Collection of Materials

Mangel an Rohstoffen, insbesondere von Metallen, für die Herstellung von Rüstungsgütern machte sich schon bald nach Kriegsbeginn bemerkbar. Auch hier wurde mithilfe von Sammelaktionen auf private Ressourcen zugegriffen. Ab dem Studienjahr 1914/15 erging an die Hochschulen die Aufforderung, sich an den Metallsammlungen zu beteiligen, insbesondere von Kupfer und anderen NE-Metallen. Die TH Wien spendete im Zuge der wiederholten Sammlungsaufrufe 1915 insgesamt acht Doppelzentner Kupfer, Messing und Blei, das Elektrotechnische Institut allein lieferte zusätzlich 11.136  kg Kupfer und 558  kg andere Buntmetalle ab.32 Der Vorschlag von Prof. Jüptner, das historische Kupferdach des Hauptgebäudes abzudecken und zu spenden, wurde allerdings vom Professorenkollegium einhellig abgelehnt und brachte der Hochschule außerdem eine herbe Rüge von Seiten der Zentralkommission für Denkmalpflege wegen eines solchen „Barbarismus“ ein.33 Einmütige Ablehnung, und zwar gleichermaßen von allen Hochschulen und Universitäten der Monarchie, gab es gegenüber der beabsichtigten Beschlagnahme allfälliger Platinvorräte, da Platin für viele wissenschaftliche Geräte und Analyseverfahren unabdingbar war. Die Technik-Professoren Bamberger, Wilhelm Suida und Vort­mann wiesen in einer eigenen Petition an das Ministerium darauf hin, dass Platin auch für die kriegswichtige Auftragsforschung benötigt werde.34 Ebenfalls aufgrund amtlicher Aufforderungen wurden an das k. u. k. technische Militärkomitee Fernrohre und andere optische Sehhilfen abgeliefert. Sie erwiesen sich allerdings in den meisten Fällen als völlig veraltet oder für eine militärische Verwendung unbrauchbar und wurden wieder retourniert.35 Intensiv beansprucht wurden dagegen die Räumlichkeiten, insbesondere die Laboratorien der TH Wien. Diese wurden von den verschiedensten öffentlichen Stellen, zivilen wie militärischen, zur Nutzung angefordert und, da sie wegen der immer geringer werdenden Zahl an Studierenden oft leer standen, zunächst auch bereitwillig überlassen.

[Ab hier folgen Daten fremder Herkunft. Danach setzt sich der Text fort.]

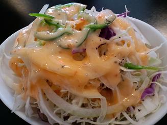 まずはサラダ。サウザンドレッシングの上にピリッと黒胡椒
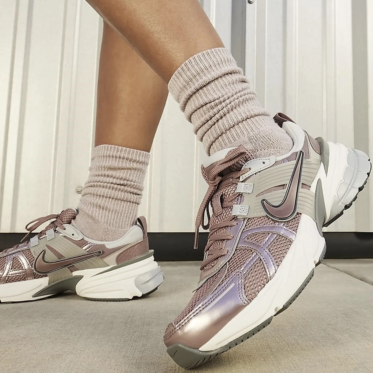 Сучасне переосмислення класичної моделі ранніх 2000-х. Верх поєднує сітку та синтетичну шкіру, що забезпечує легкість і довговічність. Підошва з подвійною щільністю піни поглинає удари, надаючи комфорт під час ходьби або бігу. Гумова підошва з візерунком «вафелька» забезпечує стабільне зчеплення.

A lack of raw materials, in particular metals, for the production of armaments became evident soon after the war had started. Here, too, collection campaigns sourced private resources. Starting in the 1914–15 school year, universities were also summoned to contribute to the collection of materials, in particular copper and other non-ferrous metals. In the course of recurring campaigns in 1915, the TH Wien donated a total of eight quintals of copper, brass, and lead; the Electrical Engineering Department alone provided an additional 11,136 kilograms of copper and 558 kilograms of other non-ferrous metals.32 Professor Jüptner’s proposal to strip and donate the historical copper roof of the main building, however, was universally dismissed by the Council of Professors, and earned the TH a serious reprimand from the Monuments Office because of its “barbarism”.33 The proposed requisitioning of possible platinum stocks was also met with universal refusal from all Hochschulen and universities of the Monarchy, as platinum was indispensable to many scientific apparatuses and analytical methods. In their petition to the Ministry, TH professors Max Bamberger, Wilhelm Suida, and Georg Vortmann emphasised that platinum was also necessary for war-related research commissions.34 In accordance with official requests, telescopes and other optical visual aids were submitted to the Imperial and Royal Technical Military Committee. In most cases, however, they proved to be completely out-dated or unsuitable for military use, and were duly returned.35 What was intensely utilised, on the other hand, were the premises, in particular the TH Wien laboratories. They were requisitioned for use by different public agencies, civil as well as military, and initially readily relinquished, as they often went unused due to the decreasing number of students.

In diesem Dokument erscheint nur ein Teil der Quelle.